現実にアルツハイマーと診断された母がおり、
素人目にも以前と様子が違ってきている。
●出来ていないことを出来ていると言い張る(思い込んでいる?)
●ほんのすこし前の会話を全部すっぽり忘れている
●以前なら一緒に病院へ着きそうことを感謝感謝な筈の母が、
「余計なことを」と怒りだす
●健常ならば毎週1〜3日平日昼間、休日問わず実家に来る息子に
「こんなに会社休んで大丈夫なの?」と問うた筈がそういう言葉が出ない
帰宅し、会ったばかりの母の言動をメモする。
読み返せば、明らかな変容だった。
それでもまだ出来ることも多いのだった。
・会話すれば普通に喋る(呂律が以前より怪しくなったものの)
・自炊のための買い物には行っている
・自炊している
・掃除、洗濯はしている
・毎週月曜日の趣味の手芸の会には行っている
だから、何をどこまでやればいいのか、我々家族では判断する基準がわからないのだった。
。
2. 警察に行ったの!
「泥棒に入られたの」
え、また?
「また何か無くなったの?」
ついこの間、
「通帳、キャッシュカード、印鑑を盗まれた」と今年2度目のことを言い、
警察へ届け、通帳とカードの再発行を依頼している最中だった。
「これがあったのよ」
母が示したのは、横長のポストイットに書かれた文字だった。
「お支払いをよろしくお願いします」
ボールペンで書かれたらしき、男の文字だった。
署名も金額も何もなく、誰から幾ら請求されているのかも判然としない。
「これが何?」
「あたしが知らないうちに家に入っておいていったのよ」
どういうこと?
「何かの支払いがあるんじゃないの」
支払いをお願いします、という文面からどうして泥棒に結びつくのか?
「何もないわよ」
「それからこんなのもあったの」
母が隣の和室から持ってきたのは一本の水性ボールペンだった。
「ボールペンでしょ」
「あたしのじゃないもの。あたしはこんなの買わない」
「それで?」
「これも警察に届けたの」
母の言いたいことは、
泥棒?空き巣?が母の知らないうちに家に入り、
「お支払いをよろしくお願いします」とオレオレ詐欺のように金を催促し、
それを書いた「見慣れぬ」水性ボールペンを置き忘れていったのだ、と。
そしてそう判断した母は、その足で、
一片のポストイットと水性ボールペンを持って泥棒に入られた証拠として、
警察に届けたということだった。
「届けたんなら、なんでここにあるの?」
「受け取らなかったのよ」
そりゃそうだろう。
「もう一回聞くけど、なんか盗られたものはあるの?」
「それは、ない」
今や、警察も母を「また来たぞ」と思っているかもしれない。
少なくとも2回は銀行の通帳、カード、印鑑を「盗まれた」と申告しているから、たぶん調書を取ってくれ、1度目は刑事さんが来てくれた。
しかし3度目の今度は、
一片のポストイットと水性ボールペンを「見慣れない」からといって泥棒に入られた証拠として申し出たという。

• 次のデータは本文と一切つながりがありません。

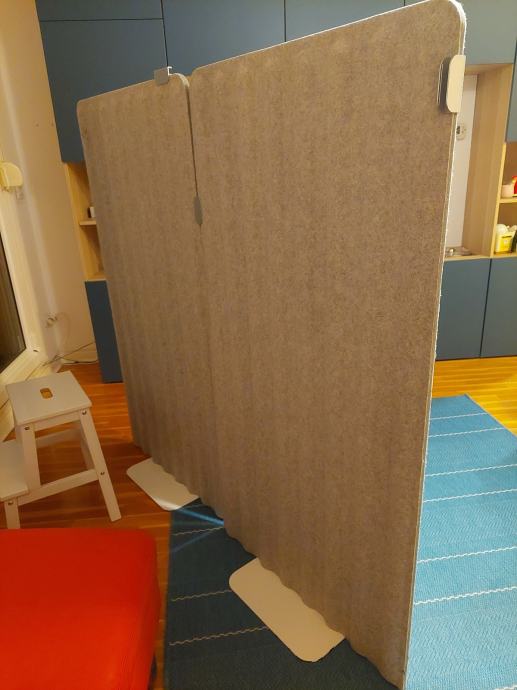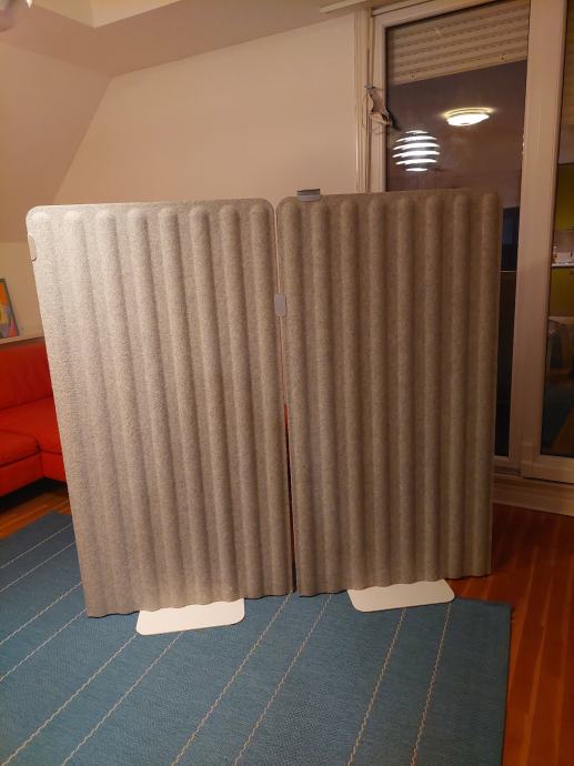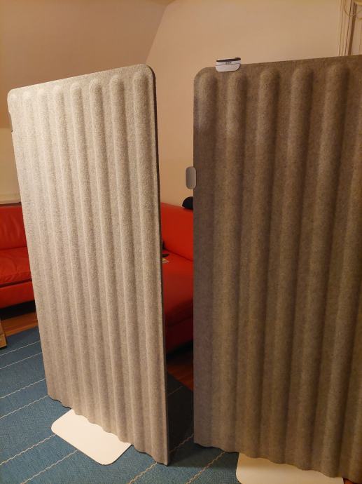 Samostojeći filc zvučni i vizualni paravan na odvojivom bijelom postolju. Jedan za 85 eura, zajedno 155 eura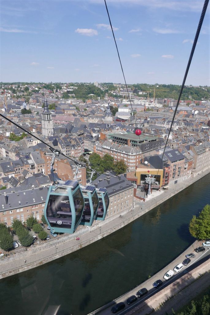 Il me reste une grande après-midi ensoleillée pour profiter de Namur. Je commence par monter à la Citadelle par le tout nouveau téléphérique, qui permet d’avoir une belle vue sur la vieille ville et sur la confluence. Je n’ai pas forcément envie de visiter la Citadelle, mais sachez qu’il y a plusieurs parcours de découverte sur le site. Pour ma part, je préfère flâner, en redescendant d’abord vers la Meuse, puis en suivant le parcours Namur street art (petit plan gratuit à récupérer à l’Office du tourisme).

しかし、警察は「証拠品」を受け取らなかった、と言う。
その後のやり取りで薄々わかったのが、
●何かの請求書の中に入っていたポストイット部分だけを別にしてしまい、
「見覚えがない」と思った
●水性ボールペンはどこにでも売っているもので、
おそらく私が持っていったものを置き忘れただけだろう
普通に考えれば分かりそうなことを誤解することだってあるだろう。
しかし、いきなり警察へ届ける、というその心理はどこから来るのか?
警察に証拠品の預かりを拒否されて、どいう風に思っただろう?
そもそも警察に行った、という言葉さえ本当なのかどうか怪しくなった。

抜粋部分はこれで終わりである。